ChatGPT’s ability to write code (in addition to an uncanny ability to “understand” what we are saying) has fascinated all of us the last couple months.
In this post, I want to compile some attempts to nudge GPT to write runnable code [as opposed to just guiding us with principles and snippets as we outlined in our earlier post]. Can we prime GPT in a such a way as to remove the developer from the loop?
CoPilot
Before we get into directly working with GPT, we must talk about CoPilot. It has been around for a while and saved many hours of developer time. I have been very impressed by its abilities to generate boilerplate / repetitive code based on what I have already written. It is also good at writing out functions based on comments that document the function.
CoPilot is based on Codex, which is currently based on GPT3. ChatGPT is based on a newer 3.5 version (which I think is currently cut ahead of copilot).

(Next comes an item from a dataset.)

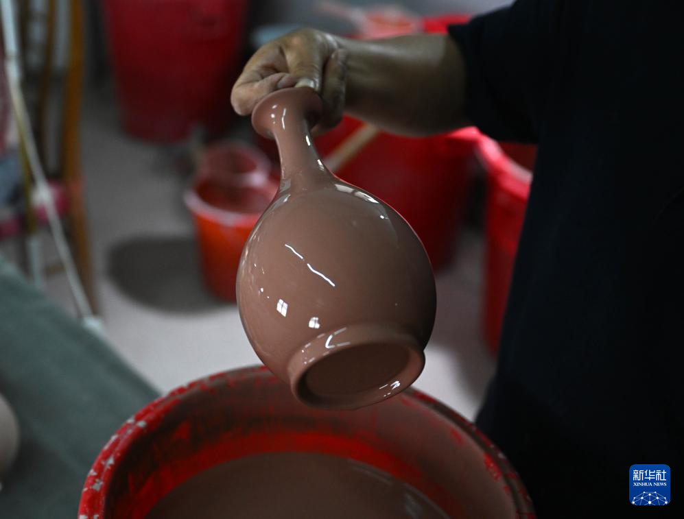 5月28日,汝瓷藝人王國奇在施釉。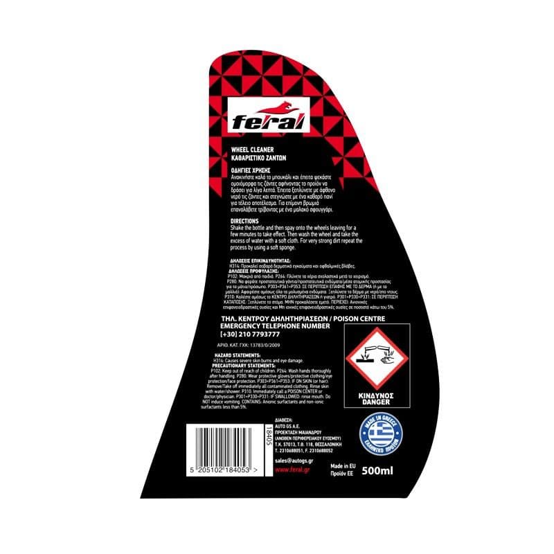 Το καθαριστικό ζαντών Feral είναι ένα προϊόν με μοναδική σύνθεση που δρα αποτελεσματικά πάνω στην ζάντα απομακρύνοντας λάσπες, λάδια, και σκόνη.

CoPilot is specifically structured to complete code that you start writing.
Here is a good analysis of what CoPilot is actually doing under the hood: https://thakkarparth007.github.io/copilot-explorer/posts/copilot-internals
It sends the code from the file you are currently in + other files in your project using the same programming language and asks GPT to generate a completion for the code you are currently writing. Then it does a bunch of cleanup and presents you the autocompletion.

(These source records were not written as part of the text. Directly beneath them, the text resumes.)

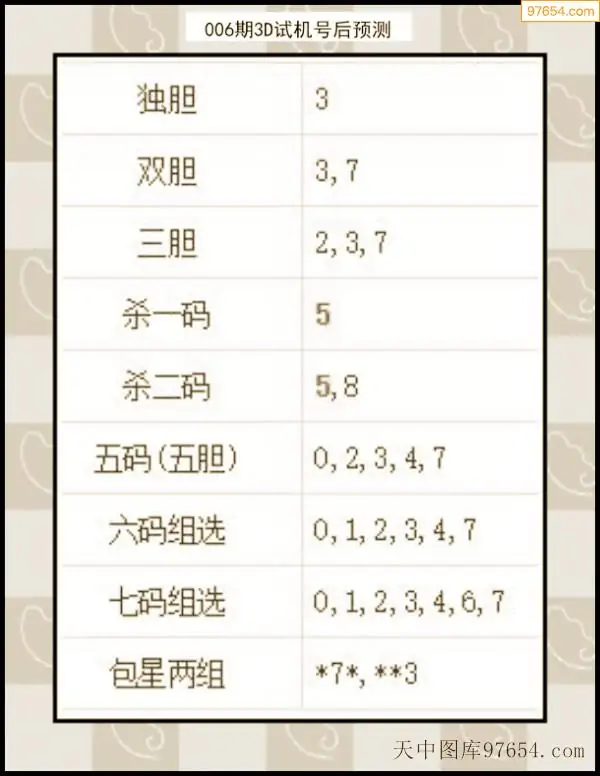 26年007期天中图库专家3D试机号后分析汇总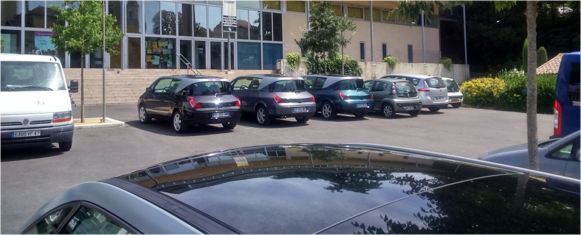La terrasse était bien sympa malgré la température estivale et l’environnement bien agréable : Pendant ce temps l'avan(time)team égaye ce parking de véhicules tous aussi tristounets les uns que les autres Après une petite balade pédestre et bucolique dans le parc attenant (où nous apprîmes l'origine de l'expression conter fleurette que les anglais nous ont d'ailleurs repris avec le verbe flirt qui est revenue sous le verbe flirter en français...j'en vois déjà qui dorment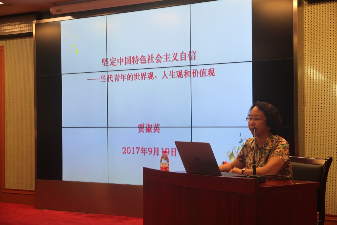贾书记从落实全国高校思政工作会议和中央相关文件精神、深入学习习近平总书记关于加强高校思政工作和当代青年树立正确理想信念及培育社会主义核心价值观的系列重要讲话入手,开门见山地指出当代青年学生要坚定理想信念,要坚定中国特色社会主义自信,要培养和树立正确的世界观、人生观和价值观。

This interface is restrictive when you want to write code from scratch.
In this article, we will explore some attempts1 to directly interface with GPT to generate code and the prompts being used to do the same.
Simple Website
Let’s start with an example of someone using ChatGPT to create the html, js and css files of a website.
Compared to CoPilot, this is better interface for writing code from scratch. You dont have to write any code to prime the model. The prompts are quite straightforward and specify what is needed in English. The dev mentions specific technologies to use, asks for specific code snippets and ChatGPT gets it in the right ballpark. Most of the code is used as-is, but the dev does end up making some minor changes by hand.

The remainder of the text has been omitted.